CasualPConc is my first attempt to create a parallel concordancer. The feature set of CasualPConc is very simple and it can only handle two corpora at a time. This is mainly due to my lack of experience and need of a parallel concordancer. I started this project just because a couple of people asked if I was going to make a parallel concordancer. So whether this projects proceeds depends on people's feedback. If enough people use this and give me feedback (or tell me what should be included or how things are dealt with), I might spend more time to further develop this program. I got one request to add a feature to deal with more than two corpora, and that's why I started CasualMultiPconc project.

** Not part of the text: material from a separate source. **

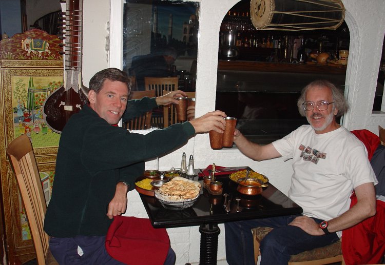 About to tuck in, we clanked our copper mugs together in a toast to something or other while, unbeknownst to us, a couple of other guys on the other side of the partition clunked their mugs at the exact same moment. Cosmic convergence rears its moderately average-looking head again. |
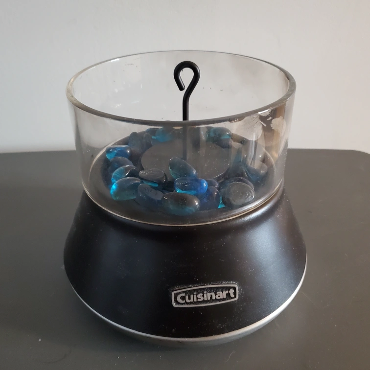 Glass and black base. Includes blue glass pebbles. Used, but in good condition.

To use CasualPConc, you need corpus files that are aligned. This means you need separate files for two corpora and the two matched files should be aligned. "Aligned" here means both files should have the same number of paragraphs (text separated by line break character) that are matched. With the current implementation, CasualPConc ignores blank lines, so if a matched sentences/paragraphs appear in the same position (nth sentence/paragraph), the number of blank lines does not matter. CasualPConc can also read a single file with aligned text. This means single file with two parallel corpora in CSV or tab-delimited or if two aligned sentences are next to each other in the same order throughout the file and separated from other sentence/paragraph pairs by a blank line. Other format may be supported upon request. You can open unaligned files and check the alignment on CasualPConc.
The supported file formats are plain text (.txt), Rich Text (.rtf), MS Word (.doc/.docx), and OpenOffice (.odt/sxw). But to be safe, plain text files (.txt) are recommended. For plain text files, various text encodings are supported, but UTF-8 is the default and recommended.
Once you read your corpus files into CasualPConc, you will create a text database for analysis. You can also create a database from the files by importing CSV/tab-delimited text files and text files with a certain format. The database file can be saved for future use.